重访自动化周业务复盘(WBR):用 Agent 访问私有数据

我的理解

本课将 WBR 从”给实习生的分步指令”升级为”给全职员工的目标描述”:通过 Open WebUI 的 SQLite Agent,仅凭模糊指引即可让 Llama 3.2(仅 3B 参数)自主探索数据库结构、编写 SQL、可视化结果,全程数据不离本地。更进一步的 Model Context Protocol(MCP)让 Claude Desktop 实现了真正的多轮自主决策——无需人工干预,AI 自主规划并逐步调用工具直至完成目标,标志着 AI 从被动工具向主动协作者的跃迁。课程将 AI 使用分为三个层级:纯语言交互、单轮工具调用、多轮自主迭代,每个层级都代表着对人工干预的进一步解放,而工具能力的复合效应远非线性叠加。Agent 接口标准化(MCP)的萌芽也意味着未来 Agent 生态的共享与复用将大幅简化。

相关链接


原文

Lesson 51 of 68 重访自动化周业务复盘(WBR):用 Agent 访问私有数据 / Revisiting Automated Weekly Business Review (WBR): Using Agents to Access Private Data

在第三模块中,我们以周业务复盘(Weekly Business Review,WBR)为例,演示了上下文窗口管理与“编辑而非聊天”技巧的重要性。其核心思想是把 AI 当作实习生来对待,确保它拥有足够的信息和结构,从而轻松完成任务。相比手动撰写周报,这种方法带来了显著的提升。它让我们能把例行工作交给 AI,把精力聚焦在那些真正需要创造力、能让我们成长并取得成就的任务上。

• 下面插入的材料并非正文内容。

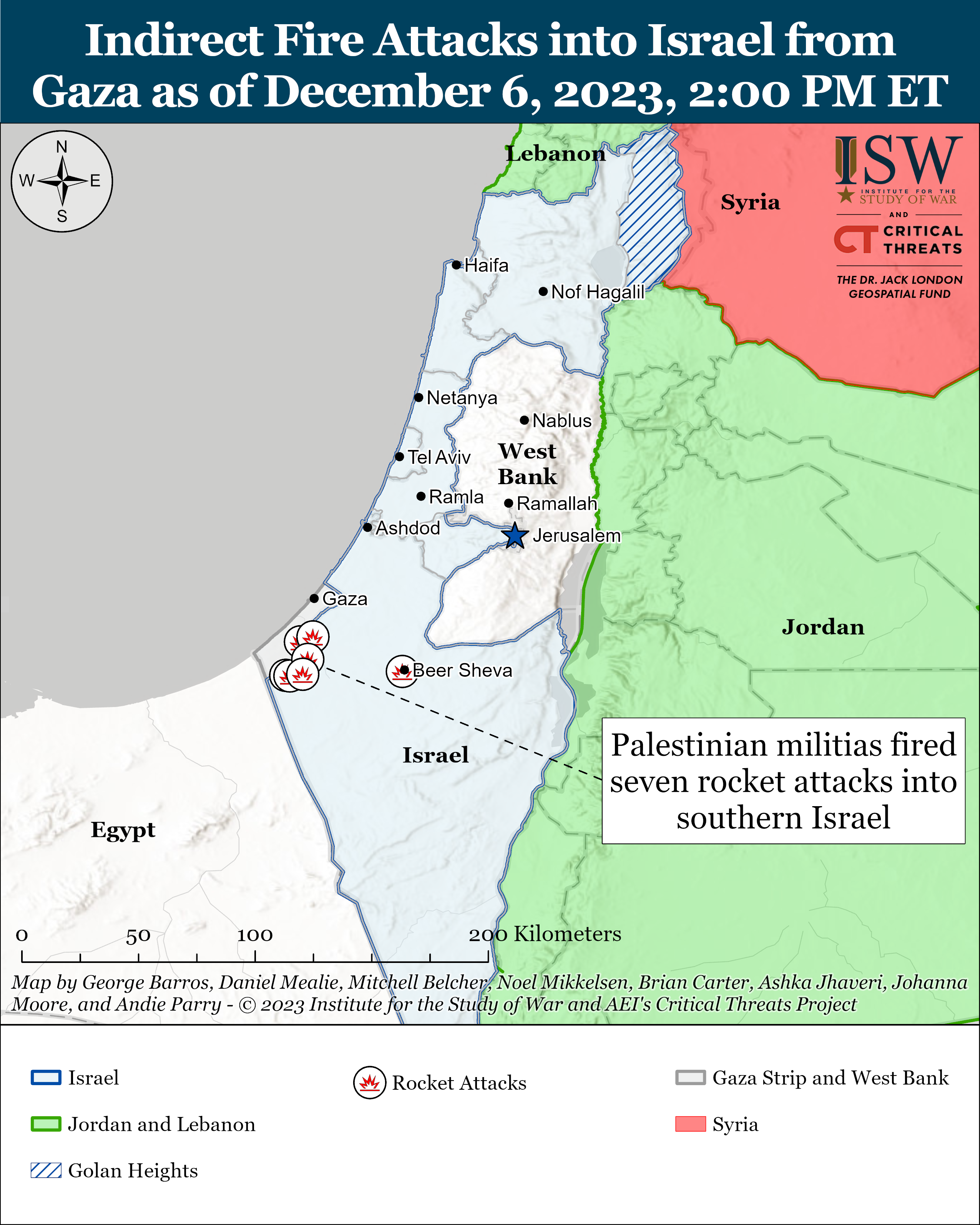 Palestinian militias in the Gaza Strip conducted seven indirect fire attacks into Israel on December 6. The al Qassem Brigades conducted six rocket attacks targeting southern Israel.[30] The al Quds Brigades conducted one rocket attack.[31]

但这样做一段时间之后,如果你和我一样喜欢琢磨更省事的工作方式,可能仍会觉得这种做法过于繁琐。为什么 AI 只能像实习生一样,机械地完成定义清晰的任务?为什么我们必须替它一步步拆解任务,手动收集并提供所有细节?为什么它不能更聪明、更灵活一些?

就 WBR 这个例子而言,我们需要的所有信息其实都已经在 Excel 文件和 SQLite 数据库里了。与其手动复制粘贴每一列的含义和数据类型,甚至写好现成的 SQL 语句,为什么不能让它自己用工具搞清楚这些细节、自主写查询?如果它能自主检查 SQLite 数据库的数据类型、改写查询、验证结果,并在一切正确时自行决定停止,我们的工作将轻松许多,与 AI 的协作也会更灵活、更轻量。

从更抽象的角度看,这种能力本质上体现在两个方面。

第一,AI 需要能够调用各种工具来独立完成任务。例如,它需要知道如何用 SQLite Browser 或 Python 查看 SQLite 数据库中有哪些表、每张表的字段类型;需要知道如何用 Python 运行程序,并通过命令行输出来定位 bug。

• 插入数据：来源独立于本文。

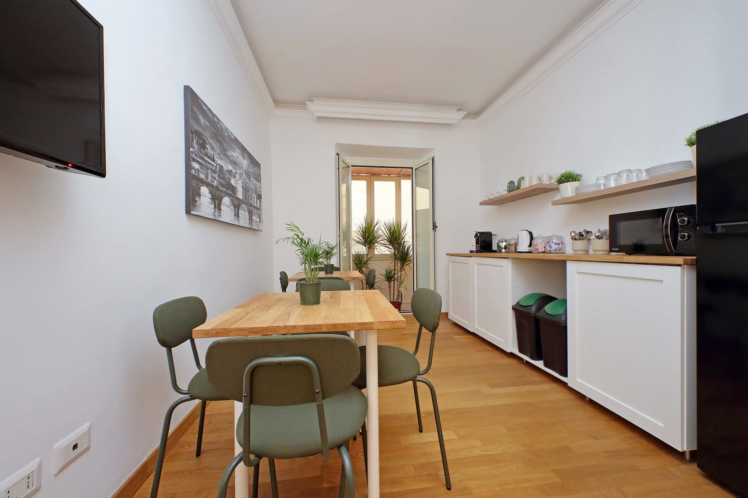 Relax in our refreshment area, always open and at your disposal, where you can enjoy excellent Nespresso coffee from the coffee machine, or prepare tea and herbal infusions using the kettle and microwave.

第二,它需要能够独立地做出多步决策,从而有效推进执行。换句话说,它需要能够根据工具输出判断目标是否达成。如果没有,就要决定如何继续——是排查问题继续调试,还是说明信息不足、向人类索取更多信息。

这种高级智能在 GenAI 的远古时代(2023 年)确实很难甚至不可能实现,但今天的 LLM 已完全能够胜任。这就是使用 Agent 的能力。无论是 GPT-4、Claude 3.5 这类闭源模型,还是 Llama 3、QWen 2.5 这类开源模型,如今的 LLM 都能很好地完成工具调用。

本节课中,我们仍以 WBR 为例,但用两种不同的方式来实现,以对比不同的 AI 策略,看看它们能为我们的生活带来怎样的革命性影响。

方法一:通过 Agent 让 Llama 3.2 3B 访问私有数据

在前面的课程中,我们已经接触了 Open WebUI 的工具使用功能。工具可以弥补 AI 的局限性,而连接私有数据源是 AI 的一项重要能力。借助工具,或者说 Agent,我们可以让 Open WebUI 直接访问公司内部的私有数据,让 AI 获得更全面的背景信息,并按需智能地调用它们。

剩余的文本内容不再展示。